Она действительно запропала почти на год. Милли всегда ждала ее, рисуя страшные картины, что она когда-нибудь допрыгается, но Бог хранил стрекозу. Нельзя сказать, что Марусе не везло. Напротив. Ей слишком везло. За это следовало платить. И крепко. Для Милли мир опрокинулся, разбился вдребезги. Незыблемая основа семьи, взглядов и принципов превратилась в прах. Проблемы беспутнейших приятельниц – Маруси, Зоси Черного кота и даже мудрой Беллы Цапелиной стали очень злободневны. Пятнадцать лет назад они заблуждались, а она созерцала метания, странные мучения. Но девичьи ошибки дают право поступать также, повторять заблуждения подруг?

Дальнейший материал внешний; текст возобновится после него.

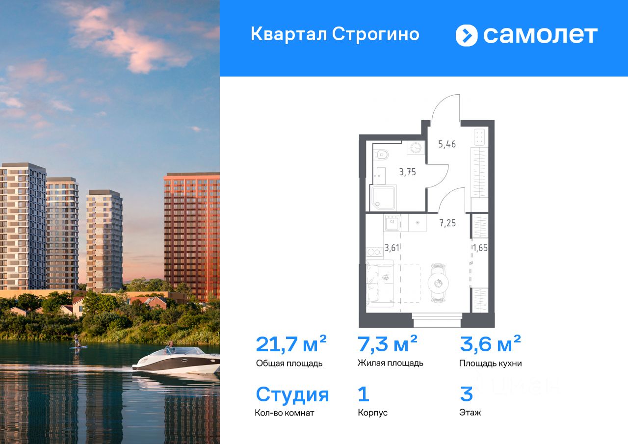 Строим кварталы для жизни с заботой о будущем. Предлагается квартира студия комфорт-класса 21,72 кв.м в корпусе 1 на 3 этаже, в ЖК ''Квартал Строгино'' Квартира с чистовой отделкой. Доступность дополнительных опций уточняйте у застройщика.

Но вот пришлось… Как ни дико для нее самой – в сравнении с прошлым. Милли никого не осуждала даже мысленно, ибо у врачей это просто не принято, но сама казниться не переставала. Маруся не лгала, флирт лечит. Сначала на приемах появлялся непомерно заботливый человечек, это психотерапия. Конечно, ей нужна помощь. Конечно… Она наивно не могла понять, чем же Глеб Петрович болен, часто делая вызовы на дом. Как ни странно показалось это Марусе, знавшей бескомпромиссную установку Милли на подобные штучки, но «пациент» стал другом и любовником. Милии вдруг вспомнила, что существуют дамские привилегии, салоны, косметика и мода. Стрелка на старых перештопанных колготках врача, примеченная мужчиной на вызове, определило поворот судьбы. Милли не выбирала жертву, как Зося, она вообще не была в состоянии думать, затравленная бытом. Но Черная легко вписала «друга» в систему своих игр и радовалась влиянию на подругу.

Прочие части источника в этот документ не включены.